United States District Court, Eastern District of Michigan, Southern Division

April 16, 2015

LAVELLE SEARCY, Plaintiff,
v.
MACOMB COUNTY JAIL, et al., Defendant.

Honorable Denise Page Hood, J.

ORDER DENYING MOTION TO APPOINT COUNSEL [269]

ELIZABETH A. STAFFORD United States Magistrate Judge

Plaintiff Lavelle Searcy, a prisoner proceeding pro se, moves for appointment of counsel. [269]. This is Searcy’s fourth such motion, the previous three having been denied without prejudice. [3, 31, 48, 58, 184, 227]. Since this case’s inception, all defendants have been dismissed but for recently added defendant Macomb County. [265]. Searcy’s complaint alleges Eighth Amendment violations related to the conditions of his confinement.

Searcy again seeks appointment of counsel, alleging no new facts in support of his petition, only that he remains indigent, that his case involves complex issues and that he has limited access to the law library. [269, Pg. ID 1638]. He also alleges that he has attempted to contact attorneys, but has received no response. [Id.].

Pursuant to 28 U.S.C. § 1915(e)(1), “[t]he court may request an attorney to represent any person unable to afford counsel.” Appointment of counsel under § 1915(e)(1) is not a constitutional right in a civil action; a district court is vested with broad discretion to determine whether “exceptional circumstances” warrant such an appointment. Lavado v. Keohane, 992 F.2d 601, 604-06 (6th Cir. 1993). In making this determination, the Court considers the nature of the case, the party’s ability to represent himself, the complexity of the legal and factual issues, and whether the claims being presented are frivolous or have a small likelihood of success. Id. Appointment of counsel pursuant to § 1915(e)(1) is rare because “there are no funds appropriated to pay a lawyer or to even reimburse a lawyer’s expense.” Clarke v. Blais, 473 F.Supp.2d 124, 125 (D. Me. 2007).

Having reviewed Searcy’s case filings to date, and considering the relevant factors, the Court finds that Searcy does not show exceptional circumstances meriting the appointment of counsel at this juncture. Despite his incarceration and lack of legal training, Searcy has adequately prosecuted this case for the past five years. Further, Searcy identifies no specific difficulties he experiences due to his indigency or confinement with respect to participating in discovery or other aspects of this case.
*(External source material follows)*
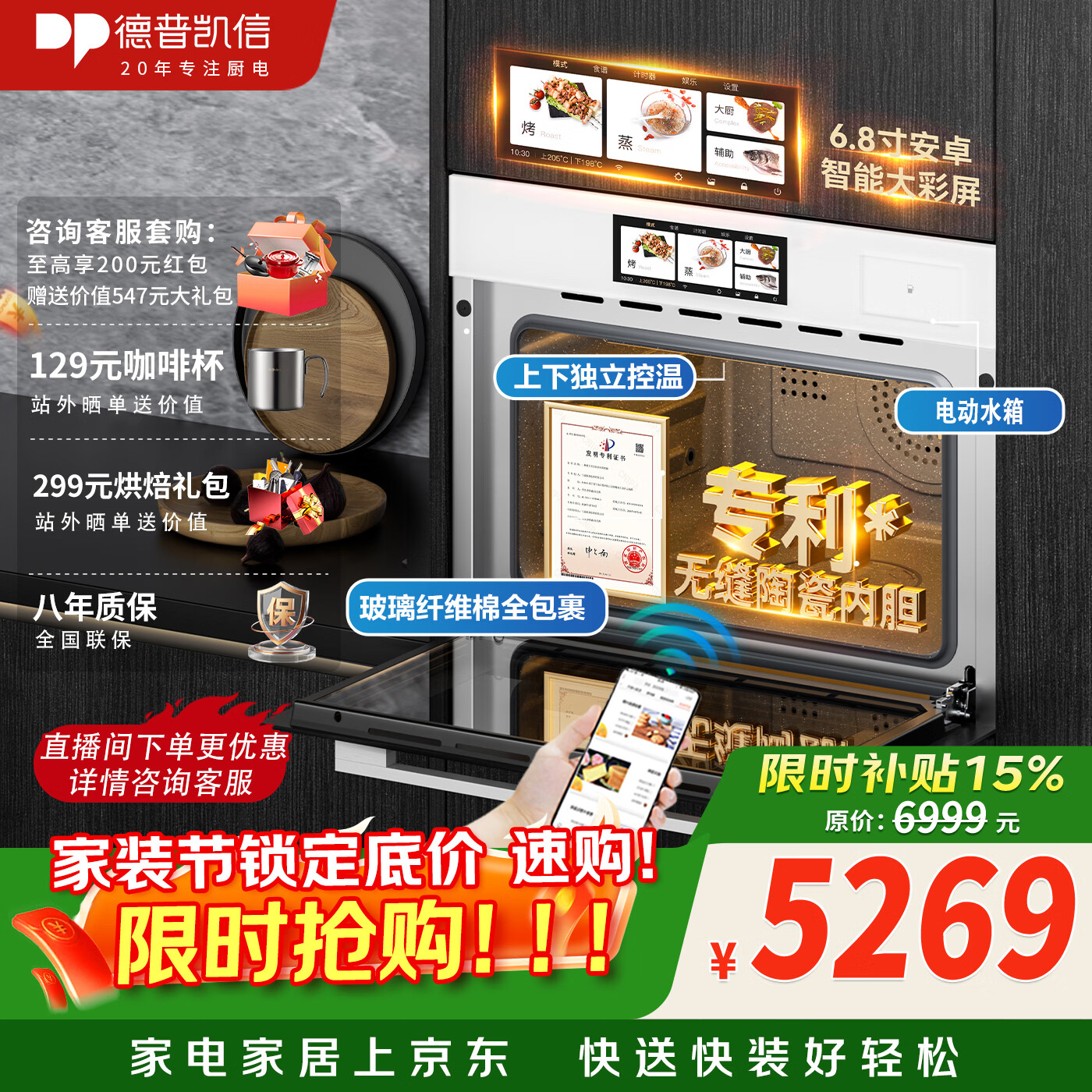 德普凯信德普TD55PRO无缝内胆蒸烤一体机一体拉伸全陶瓷内胆蒸烤箱APP智控自动烹饪高清彩屏蒸烤炸炖一体机 【无缝胆】【蒸烤同烹】磨砂白TD55M2PLUS

Indeed, despite his confinement, he has managed to file easily more than one hundred motions and other documents to date in this case. For these reasons, Searcy’s motion to appoint counsel [269] is DENIED WITHOUT PREJUDICE. IT IS SO ORDERED.

NOTICE TO THE PARTIES REGARDING OBJECTIONS

The parties’ attention is drawn to Fed.R.Civ.P. 72(a), which provides a period of fourteen (14) days from the date of receipt of a copy of this order within which to file objections for consideration by the district judge under 28 U.S.C. §636(b)(1).